Abstract
Purpose :
Analysis of longitudinal ophthalmologic data using the eye as the unit of analysis has to account for both inter-eye and longitudinal correlation. The purpose of this research is to compare several methods for analyzing this type of data with a continuous outcome measure.
Methods :
We describe fixed effects, mixed effects and GEE models to assess associations between continuous eye-specific longitudinal outcome measures vs. person and eye-specific covariates. These methods are applied to data from the Complications of Age-Related Macular Degenerative Prevention Trial (CAPT), which enrolled 1052 subjects with age ≥ 50, visual acuity (VA) 20/40 or better, and at least 10 large drusen in each eye. One eye was randomized to laser treatment and the fellow eye to no treatment. The outcome was ETDRS VA (letters) which was assessed at baseline and years 1, 2, 3, 4 and 5. The aims of this analysis are to compare VA loss between treated and control eyes over a 5-year period and between current and non-current cigarette smokers.
Results :
The inter-eye and longitudinal correlations of VA measures are given in Table 1. The inter-eye correlations range from 0.33 to 0.53 and were highest at baseline. The longitudinal correlations (0.31 to 0.88) diminish with a longer time between repeated measures and were higher at later time points.

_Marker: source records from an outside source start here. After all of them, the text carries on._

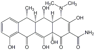 80.88 | C00017127 | alpha-6-Deoxyoxytetracycline alpha-Doxycycline 6-Deoxyoxytetracycline Dentistar Deoxymykoin Doxinyl Doxivetin Doxycen Doxycycline Doxytetracycline GS 3065 Hydramycin Liviatin Medeomycin Monodox Pulmodox Ronaxan Tolexine Unidox Vibramycin Vibramycine Vibranos SF Vibraveineuse Vibravenos |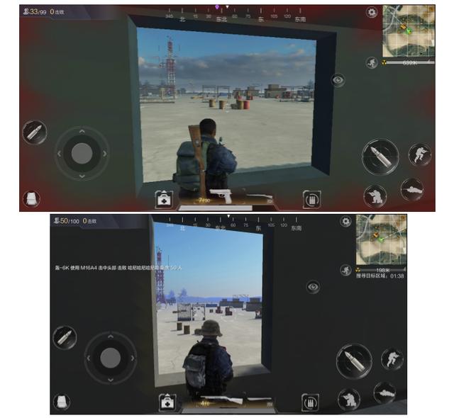 (上为华为麦芒6极光蓝吃鸡画面 下为iphone 8 plus吃鸡画面)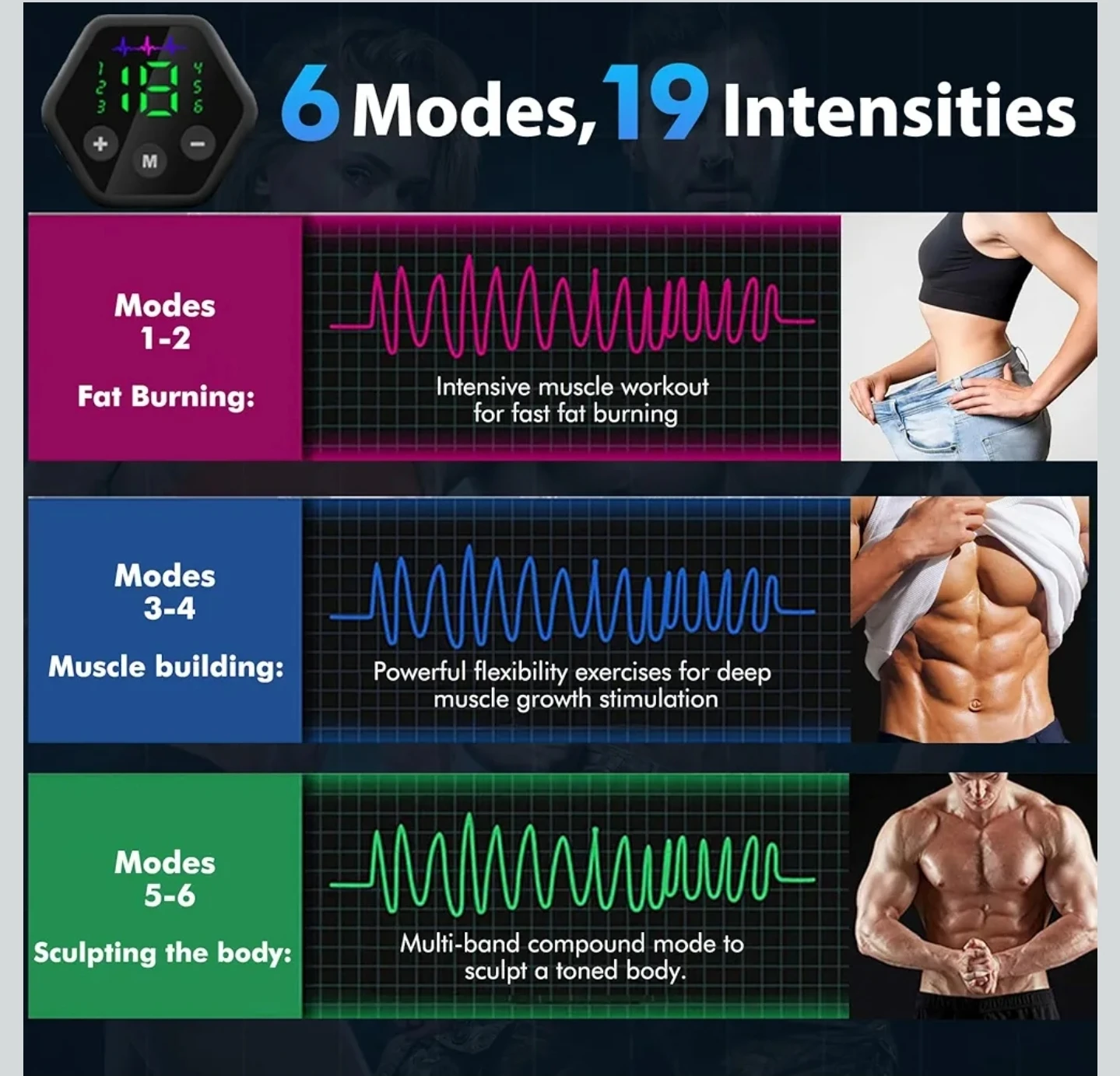 Ab Stimulator Muscle Toner, Electric Abs Stimulator Abdominal, 6 Modes & 19 Strengths Tactical X Abs , Body Control System Muscle Stimulator for Arms, Abdomen, Thighs and Buttocks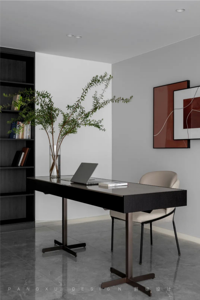 @胖徐设计工作室:开放式的工作区域,没有拘束感,更为自由放松,于此或看书品茶,轻松惬意。
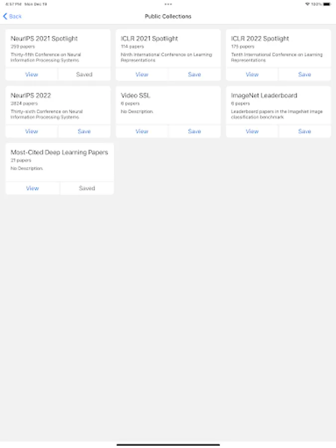 - Browse papers in public collections (groups of similar papers provided by our users)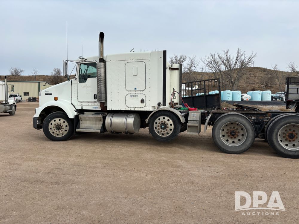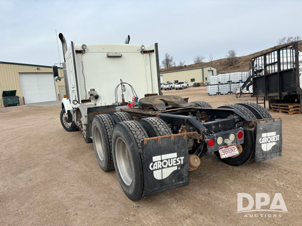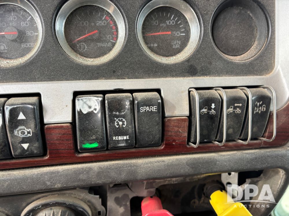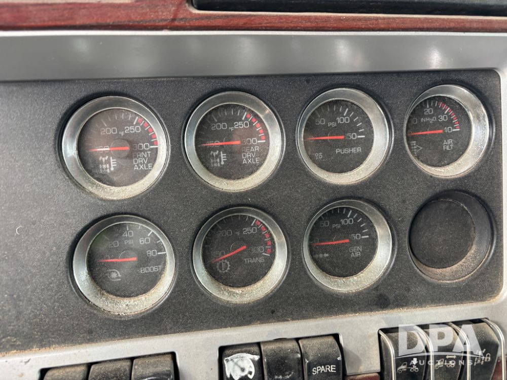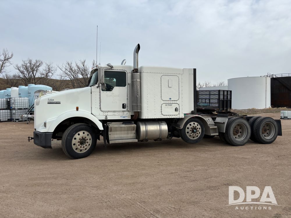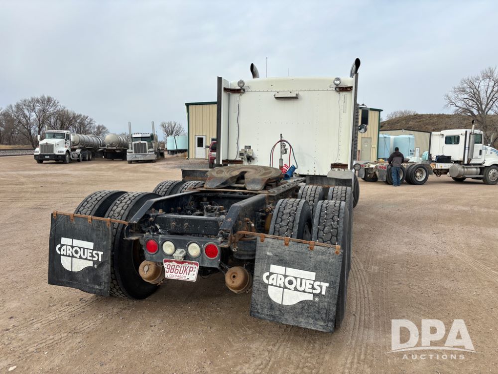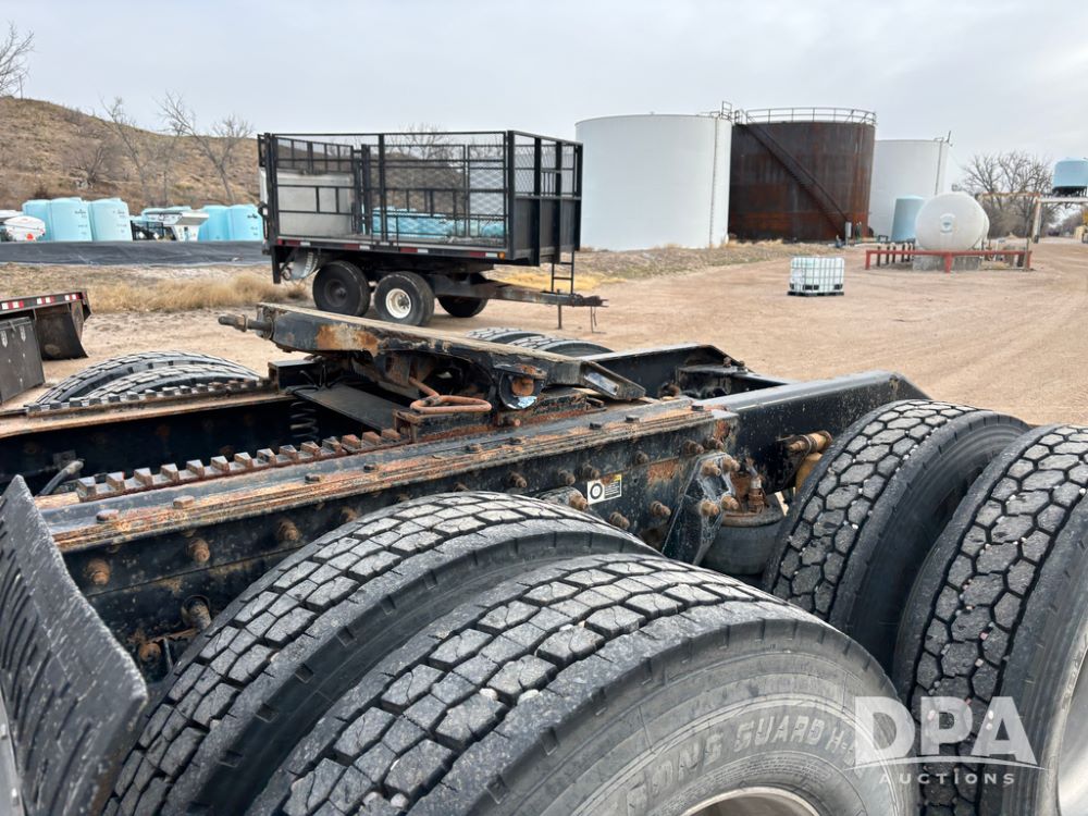 2007 Kenworth T800 Truck (DR13144 Unit 236930), Cat diesel engine, 10 speed transmission, tandem axle full screw, air lift tag axle, 250'' WB, air ride suspension, 60'' flat top sleeper, engine brake, air dump, air slide 5th wheel plate, dual aluminum fuel tanks, cruise control, cab heat/air conditioning, 24.5 near new tires, all aluminum wheels, odometer reads 923,657 miles.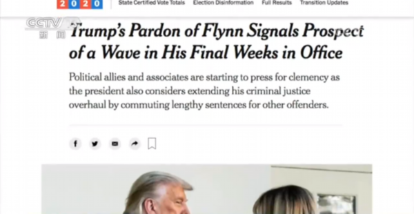 11月25日,特朗普赦免了其幕僚、前美国国家安全顾问弗林(Mike Flynn)。弗林因涉嫌在“通俄门”调查中作伪证,早前一直在接受FBI的调查。《纽约时报》认为,弗林的赦免标志着,特朗普将抓紧时间,在其总统任期的最后几周展开一系列大赦活动。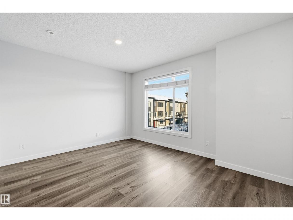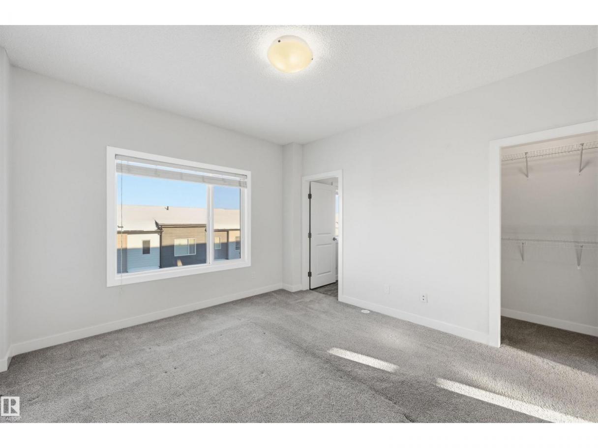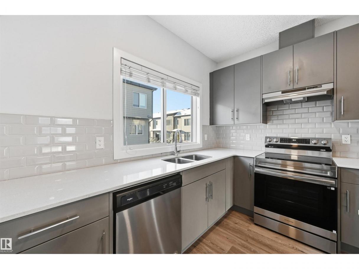 Bright, modern & spacious 3 bed/2.5 bath townhouse w/ double attached garage in the desirable Walker neighborhood. 1600 sf total living space. Perfect for 1st time home owners or investors! Main floor features 9' ceilings, vinyl plank floors & a roomy living rm filled with natural light. Kitchen offers a functional layout, stainless steel appliances, quartz countertops, tons of counter space, walk-in pantry, eating bar, & built in desk. Upper level also has 9' ceilings & large primary bedrm w/ 3pc ensuite & walk in closet. Two other well sized bedrms, 4 pc main bath & laundry complete this level. Ground floor flex room w/ large window is perfect for an office, play rm, exercise area, or extra storage space! Energy-efficient mechanical including HRV & tankless hot water for a lower utility bill. This well maintained complex offers visitor parking and nearby walking trails & lake. Conveniently close to shopping, schools & public transit. Quick access to commuter routes incl Henday! (id:6769)

Results from fitting the 3 longitudinal models are given in Table 2. There was a non-monotone effect of treatment with a small but significant effect of treatment on change in VA at 24 months for all 3 models (fixed effects: B = 0.94 +- 0.38, p = 0.014; mixed effects: B = 0.95 +- 0.38, p = 0.013; GEE: B = 1.02 +- 0.39, p = 0.008), but not at 60 months. Unexpectedly, current cigarette smokers had better VA at baseline (p < 0.05), but declined significantly more than non-current smokers at 60 months (fixed effects: B = -4.09 +- 1.91, p = 0.033; mixed effects: B = -4.13 +- 1.96, p =0.036; GEE: B = -4.29 +- 2.00, p = 0.032). Model fit was significantly better with the mixed effects vs. the fixed effects model: change(-2 ln L) = 209.6, chi-square 33 df, p < 0.001, although coefficient estimates and SE’s were similar.
Conclusions :
Longitudinal models using the eye as the unit of analysis can be implemented using available statistical software and offer the advantage of efficiently analyzing longitudinal ophthalmologic data with both inter-eye and longitudinal correlation.
This is an abstract that was submitted for the 2018 ARVO Annual Meeting, held in Honolulu, Hawaii, April 29 - May 3, 2018.